- Artist: Francis Bacon
- Year: 1976
- Medium: Oil on canvas
- Dimensions: 34 cm × 29 cm (13 in × 11 in)
- Location: Musée National d'Art Moderne; Paris;

= Portrait of Michel Leiris (1976) =

1976 painting by Francis Bacon

Portrait of Michel Leiris (sometimes Study for Portrait of Michel Leiris) is a 1976 oil-on-canvas-panel painting by the Irish-born British artist Francis Bacon. It is the first of two portraits Bacon made of his close friend, the French surrealist writer and anthropologist Michel Leiris; the second followed in 1978.

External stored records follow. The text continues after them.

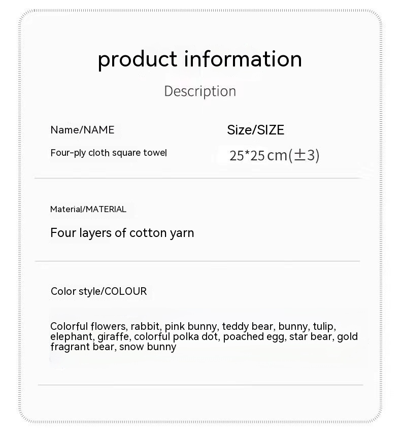 Product information:Material: gauze Production process: Printing Category: Towel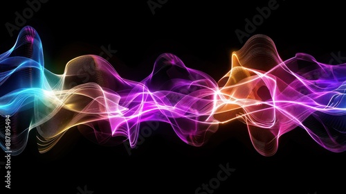 Abstract Colorful Wavy Lines on Black Background
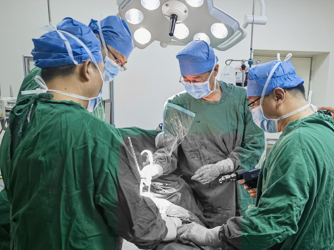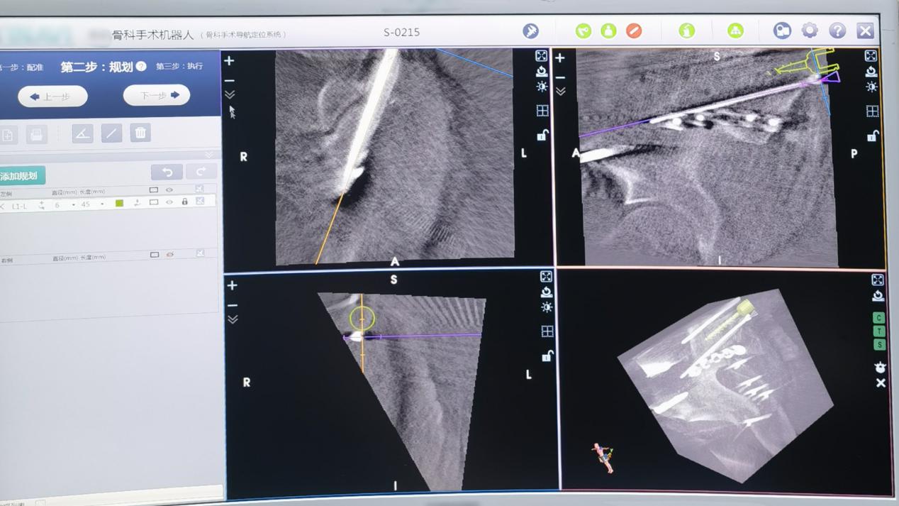 术中,应用骨科手术机器人微创辅助操作内固定技术,辅助开展创伤骨科手术,医生可以精准设计并置入内植入物。在患者脱位的骶髂关节暴露、准备复位骨折断端时,为防止骶髂关节骨折复位后,髂外动脉失去血肿压迫,有可能会迅速破裂导致大出血,徐执扬一面谨慎操作,一面严肃叮嘱:“看着血压、看着血压、看着血压。”在复位骨折脱位的一瞬间所有人的心都提到嗓子眼上了,都在全神贯注,只听见麻醉机发出滴滴的工作声音。徐执扬和吴冯胜合力将骨折脱位断端复位:“成功了!复位成功!”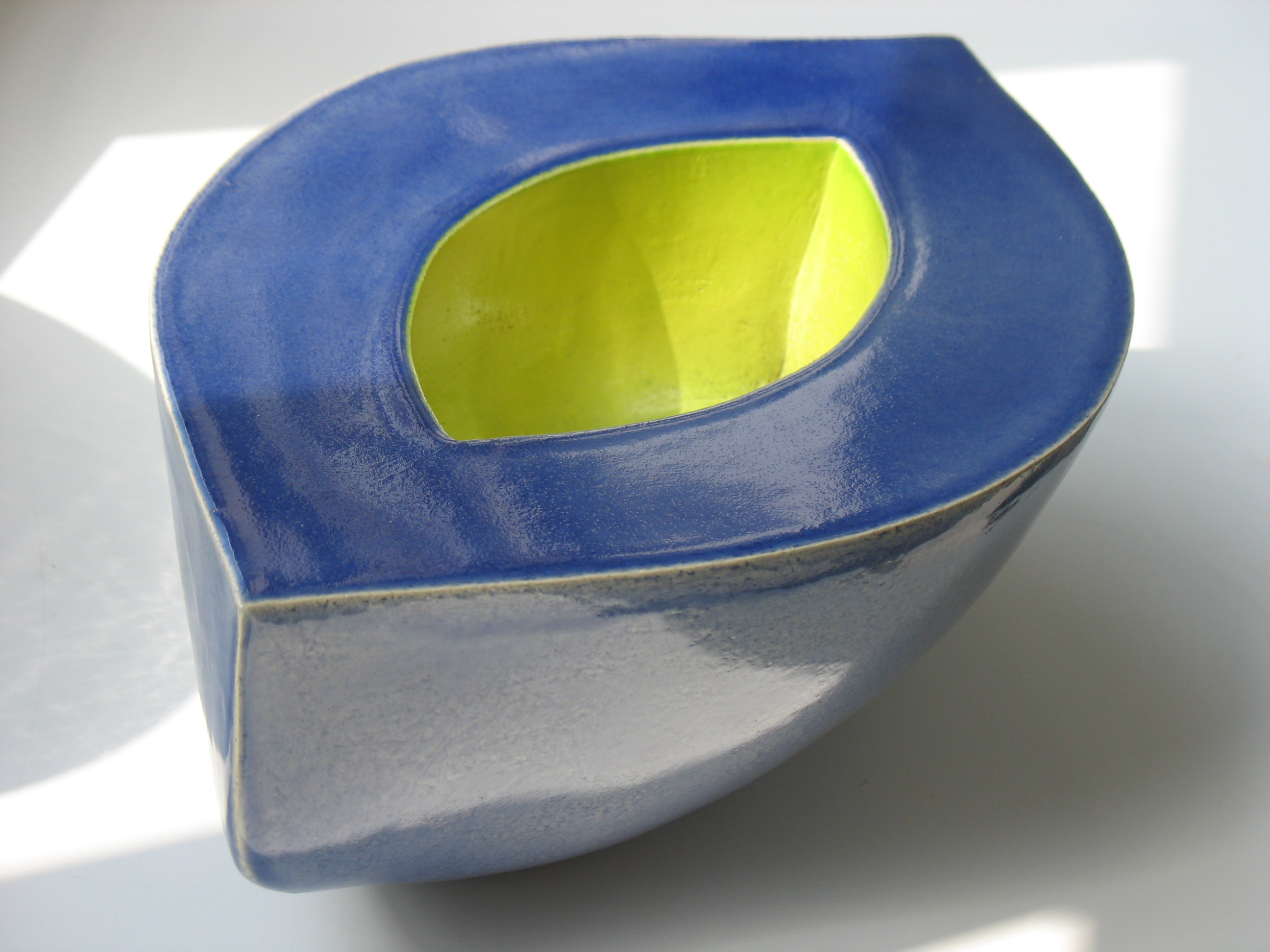 Dubbelwandige schaal, blauw en geelgroen. Handgevormd zonder mal. Geometrisch op zicht en gevoel.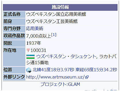 | 総合メニュー(中央アジア) 首都タシケントへ 到着、一旦ホテルへ 国会議事堂 アミール・ティムール広場 アミール・ティムール博物館 ウズベキスタン外務省迎賓館 プロムナードギャラリー シャラフ・ラシドフ銅像 ウズベキスタン国立歴史博物館 ナボイ・オペラ・バレイ劇場 ヤッカサライ墓地 国立応用美術館 夕暮れの独立広場 予備調査を終わって 次はウズベキスタン国立応用美術館です。 ◆ウズベキスタン国立応用美術館 ![]() 出典:Wikipedia 1927年にタシュケントにおいてウズベク・ソビエト社会主義共和国国内の芸術家が集まり展覧会が開催されました。以降、この展覧会は定期的に開催されるようになり、「ウズベキスタン国立展覧会」として開催されるようになりました。 その後、展覧会で展示される対象は手作りの刺繍工芸、木彫りの彫刻、絨毯、宝石など応用美術の様々な分野へと拡大されてゆきました。 この展覧会で展示された美術品を集め、ウズベキスタン工芸美術館が1937年7月に設立されました。 1960年、ウズベキスタン工芸美術館はウズベキスタン応用美術常設展示館へと改名されました。 1997年、美術館はウズベキスタン共和国文化省の管轄下に入り、ウズベキスタン国立応用美術館へと改名されました。 館内では、ドゥッピ (Do'ppi) などの伝統衣装の帽子、ネックレスや髪飾りなどの貴金属製品などが展示されています。 館内は伝統工芸を展示している区画、20世紀に制作された絨毯や帽子などの伝統衣装を展示している区画、現代美術との融合により新たな創作を行なっている作品群のある区画の3つの区画に分かれています。 館内スペースの関係から7,000点以上の美術品を展示することはできないものの、職人の製作のもと収集品は増加しています。 ![]() ウズベキスタン国立応用美術館 出典:Wikipedia Source:Wikimedia Cmmons ![]() ウズベキスタン応用美術館に展示されている、20世紀初頭の伝統衣装 Source:Wikimedia Cmmons つづく |
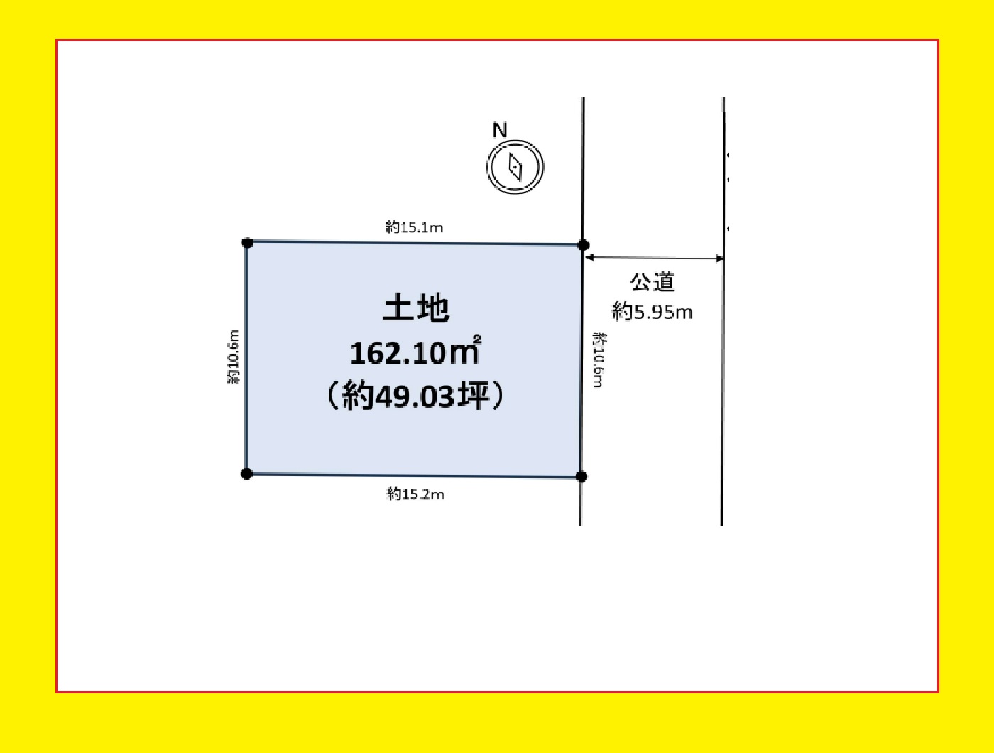 間口10.6m。東南側5.9m公道。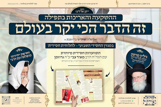 'הדבר היקר ביותר בעולם': ארגון 'לחלוחית גאולתית' מגיש את הגיליון השבועי, משולב בהתוועדות חסידית מיוחדת עם הגה"ח הרב מאיר צבי ('מונקע') ע"ה גרוזמן – ראש ישיבת תות"ל בכפר חב"ד, לרגל ה'יארצייט' בי"ז טבת • ההתוועדות עוסקת בנושא 'עבודת התפילה', עם 'יחידות' מיוחדת של הרבי עם הרב גרוזמן בעניין חשיבות התפילה באריכות בדורנו ועוד • להורדת הגיליון ולקריאה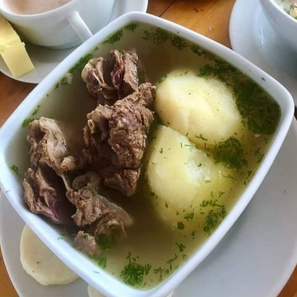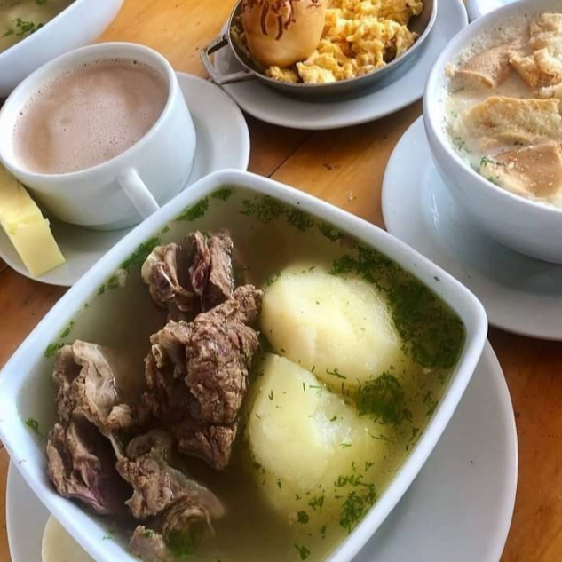Caldo de costilla, huevos al gusto y bebida caliente.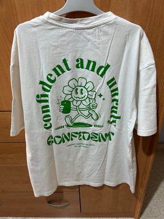 Camiseta SHEIN Blanca con Dibujo Verde Talla M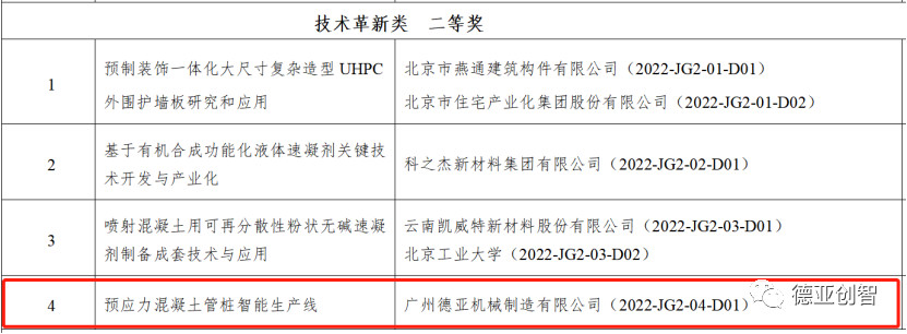 依据《中国混凝土与水泥制品协会混凝土科学技术奖管理办法》,经评审委员会资料与远程会议等综合评审,共36个项目获得2022年度中国混凝土与水泥制品协会混凝土科学技术奖,其中科技进步类22项,技术革新类14项。我司申请的“预应力混凝土管桩智能生产线”成功斩获“技术革新二等奖”。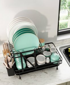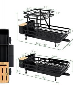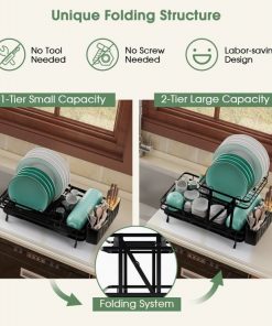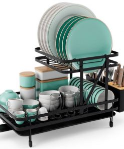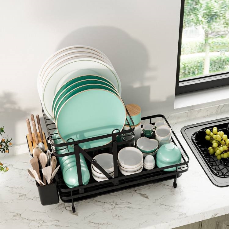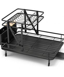 This 2 Tier Black Foldable Dish Rack Removable Drip Tray is designed with a unique folding structure. This dish drying rack can be folded up to 1 tier or unfolded into 2 tiers. This folding dish drainer features 1 dish area for 10 plates, 1 bowl area for over 10 bowls, 1 cup holder for over 4 cups and 1 3-slot cutlery with bamboo cap for over 30 cutler. The removable drip tray with a retractable spout helps to avoid water pooling and ensure quick drainage. Smooth spout rail and efficient drainage hole accelerate water dropping. Made of powder-coated metal frame, this collapsible dish drying rack is sturdy and not easy to rust, which is able to serve you and your family for a long time.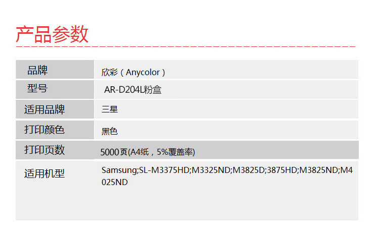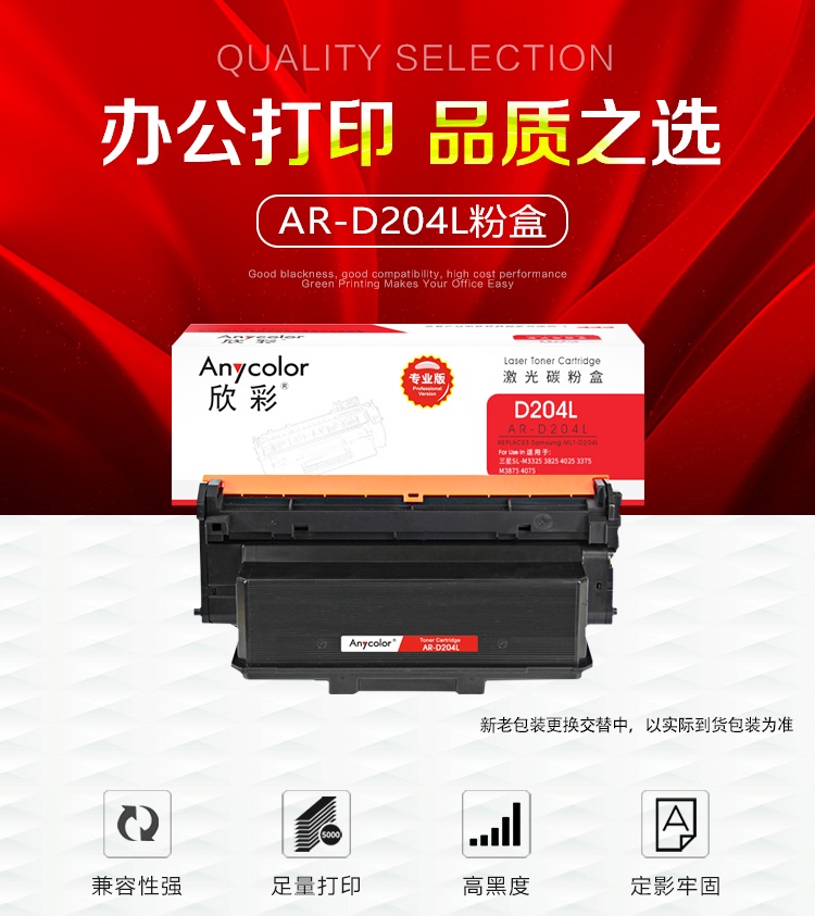 欣彩 AR-D204L粉盒专业版 适用三星MLT-D204L SL-M3325ND M3825D M4025ND M3375HD 单位:支 起订量1支 黑色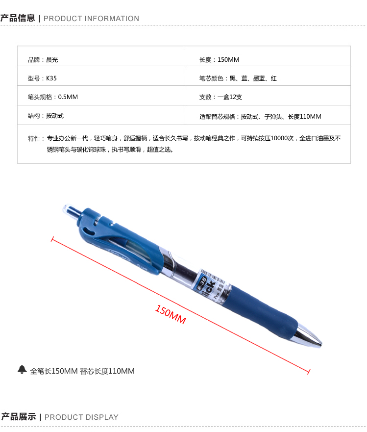 商品名称:晨光 (M&G) K-35 子弹头中性笔 0.5mm

The painting has been in the collection of the Musée National d'Art Moderne, Paris, since it was gifted by Michel and Louise Leiris in 1984. It was described by art critic and curator David Sylvester as "easily Bacon's finest portrait in close-up".

==Description==
Leiris is depicted against a flat black background, his face rendered in a radial swirl of luminous colours, his features distorted in a style typical of Bacon's portraits of the 1960s and 1970s. Only his left eye remains intact from these distortions, and is over-sized compared to the rest of his face; the theme of the painting seems to center on the sense of vision. He sees to be, according to the critic Ernst van Alphen "under the influence of something he sees. He is in a kind of hypnotic trance".

The painting places an emphasis on Leiri's skull, and has been compared x-ray photographs used as source for his 1933 Crucifixion. For the same reason, and because of its reconstruction of the human head, it has also been compared to African tribal masks, which Bacon was keenly interested in.